There was the twisted, blackened corpse of Madeline. There was her blood, cast all over the floor and walls. And there was the door to Esaax’s cell, left wide open, with a hole burned through the far wall that was more than big enough to admit an escaping kwazai.

Cries of shock, sorrow and revulsion tore through the air. Karo immediately looked away from the slain Mr. Mime. Syr turned and retched. Ntairow cried out and buried her face in one of her left hands while reaching out with both of her right hands to prop herself against the wall.

“My God… no…” Teresa’s voice was constrained and fragile-sounding. She leaned over the corpse, reaching for Madeline’s remaining hand. The moment she touched her, the lifeless pokémon crumbled into black dust. Teresa broke into sobs.

Shakily, Syr turned to Ntairow. The kwazai swayed slightly where she stood, as if she were about to pass out again. She was clutching her head and her chest simultaneously, and the tension in her face told Syr that she was in very real pain.

“The darkness…” Ntairow said almost voicelessly. “The residue of it still hangs in the air. But he’s not here.”

She pushed herself away from the wall and began to stride determinedly toward the exit that Esaax had made, avoiding the blood on the ground with graceful and sure steps. But then she found the end of a long, purple tail coiled around one of her arms as if to try and halt her.
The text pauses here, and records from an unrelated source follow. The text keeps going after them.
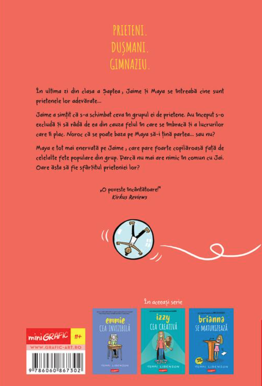 Cartea urmărește, în stilul cald și expresiv al lui Terri Libenson, două perspective diferite asupra aceleiași prietenii. Jaime simte că nu mai este bine-venită în propriul grup și că este judecată pentru tot ce o definește. În același timp, Maya începe să se lase influențată de presiunile grupului și se îndepărtează de prietena ei cea mai loială. Întrebările, frustrările și momentele tensionate ale celor două se împletesc într-o poveste grafică autentică despre prietenie, identitate și maturizare. Jaime cea ignorată devine astfel un ghid pentru toți copiii care traversează perioada complicată a gimnaziului și învață să aibă încredere în propriile alegeri.
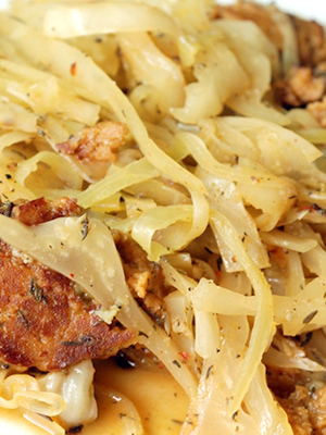 Le chou frit aux girolles est un plat délicieux et satisfaisant qui peut être utilisé comme accompagnement de côtelettes juteuses ou de boulettes de viande hachées.
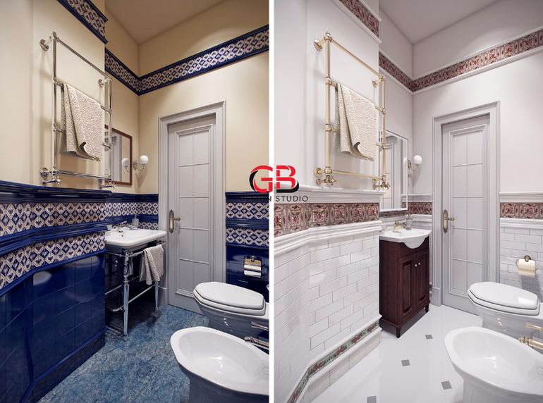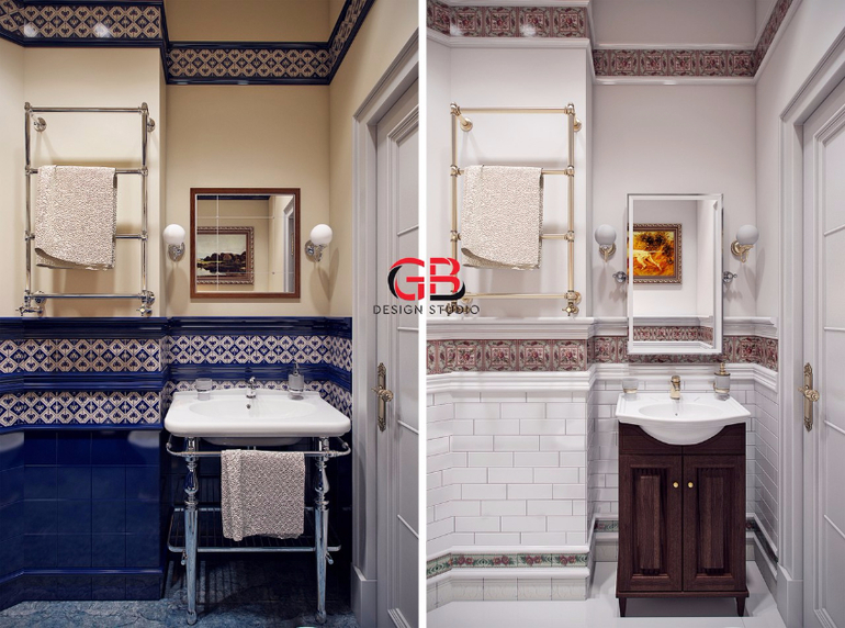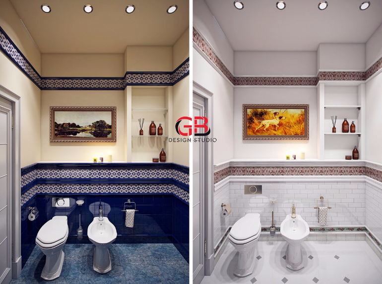 Если вам нравятся белые интерьеры, то правый. Только мне пол не нравится. Я бы сделала по темнее. В левом варианте для меня много синего. Стены нравятся, а пол я бы сделала под светлое дерево и тумбу под умывальником тоже.

“Wait!” Syr called out to her, struggling not to be dragged along as she kept on walking.

The kwazai stopped and turned her long, flat face toward him, wearing the glare to end all glares.

“…Listen,” Syr said. “Esaax is my friend, too. If you’re going after him, I’m going with you.”
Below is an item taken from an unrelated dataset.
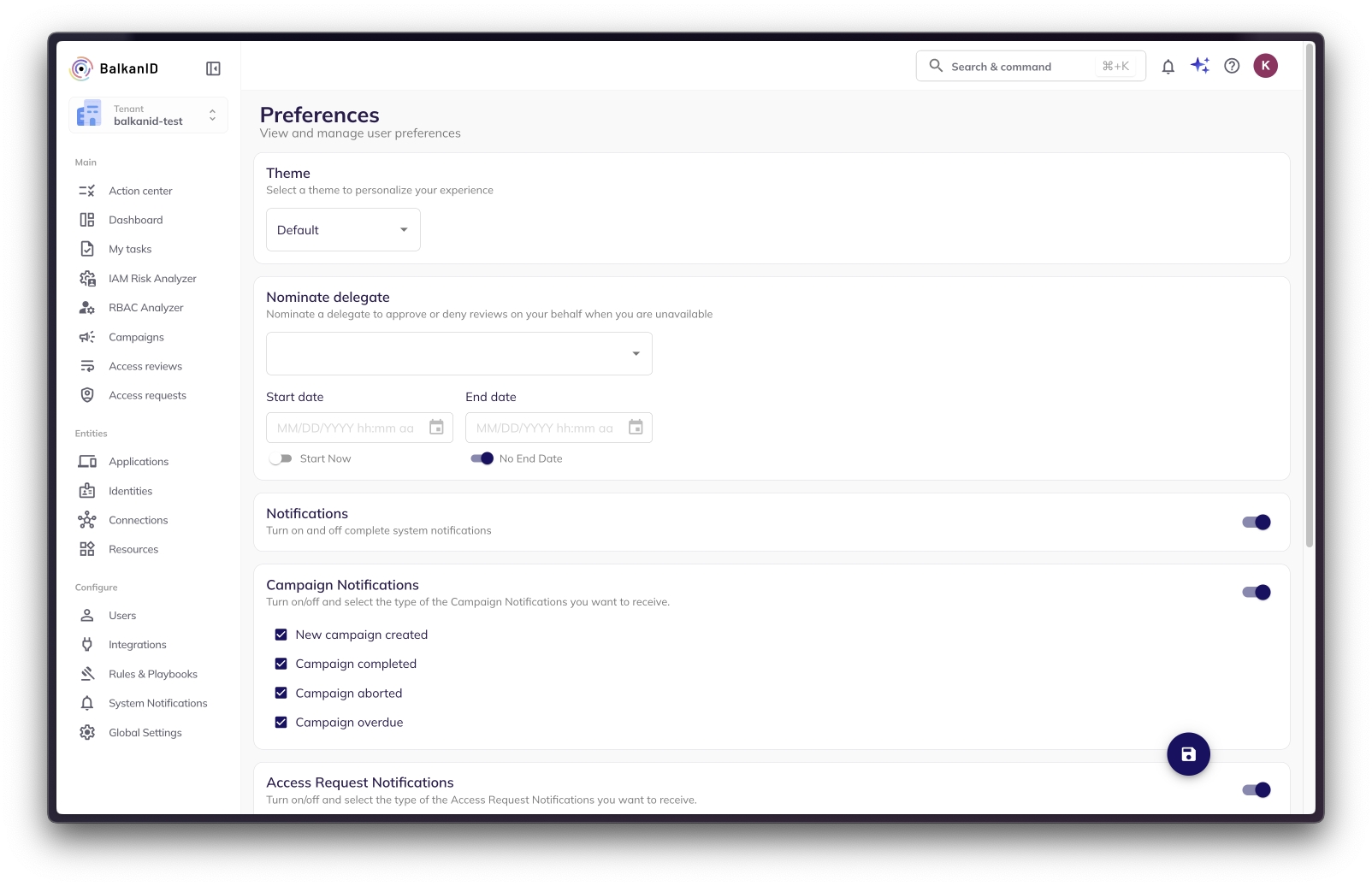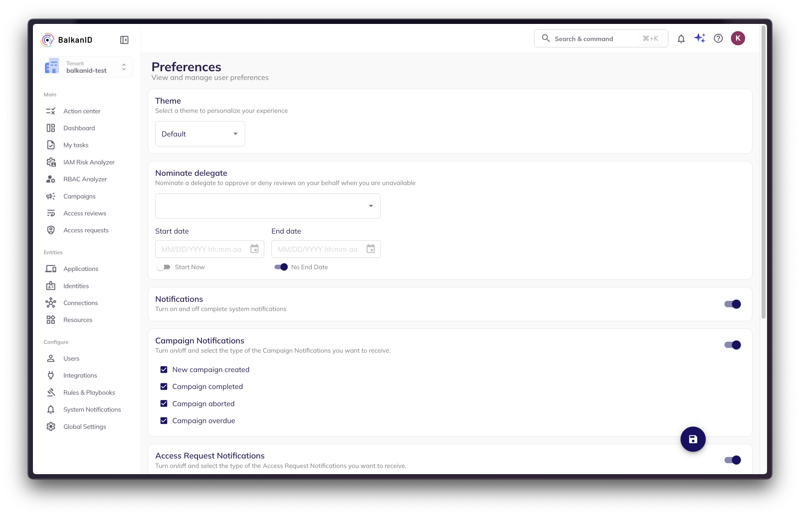 At BalkanID, we understand that efficient management of responsibilities is key to maintaining productivity. To help streamline your workflow, we offer the "Nominate Delegate" feature within the Account Preferences tab. When you are unavailable, this feature allows you to delegate the management of reviews created via campaigns or access requests to a designated person of your choice. Here’s how it works and how you can set it up.
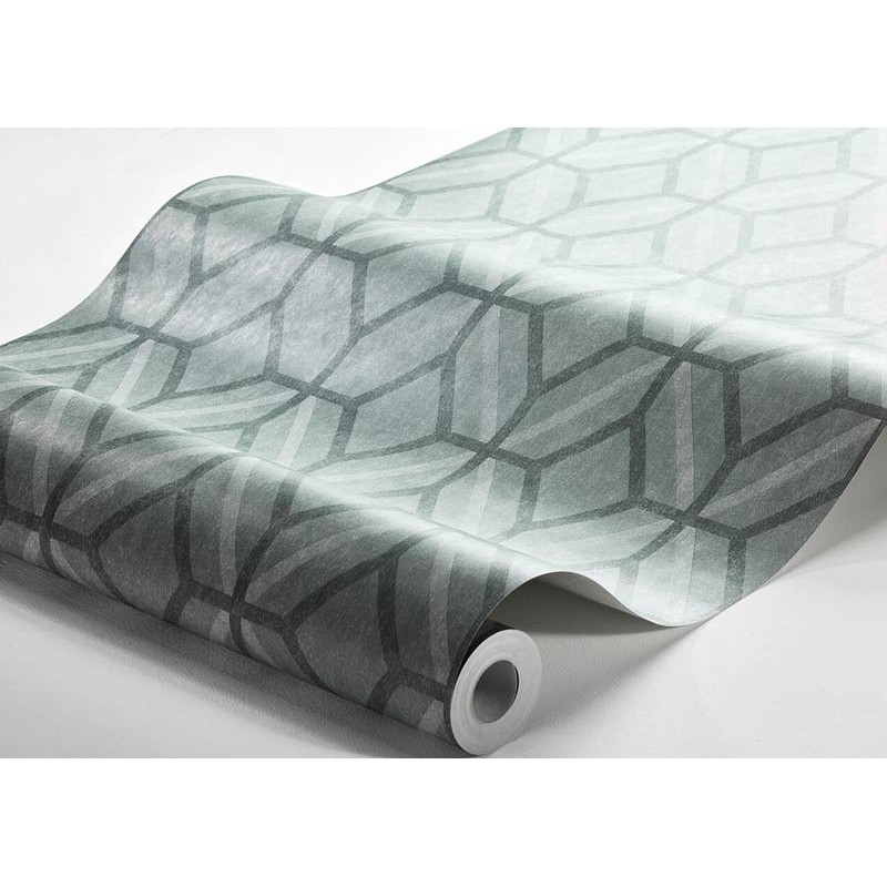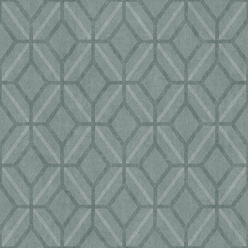 Papel pintado verde oscuro apagado relajante con patrones de enrejado de octágono y diamantes geométricos superpuestos, el tono sobre tono con su superficie de efecto texturizado agrega profundidad elegante e interés a las paredes. Indicado para salón, recibidor o dormitorio para una estética clásica y contemporánea.

Karo approached Ntairow and Syr. The expression on his stone face was unreadable. “And if he’s going, then I’m going,” he said. “I’ll look after you, buddy, don’t worry,” he told Syr.

Ntairow didn’t feel as though she had the luxury of time or of patience enough to argue with them. The urge to seek out the terribly troubled creature that Esaax had become and rush to his aid was hard-wired into her brain—she couldn’t easily resist the demands of her highly developed powers of empathy and flat-out wouldn’t resist them when it was the suffering of someone whom she loved that spurred them into action. She nodded in concession to Syr and Karo, and Syr released his hold on her.

The arbok looked back at Teresa. Tears fell silently from his gray eyes. “Take care of Jen,” he told her. Then Syr turned away, and he and Karo followed Ntairow out of the Haven in silence.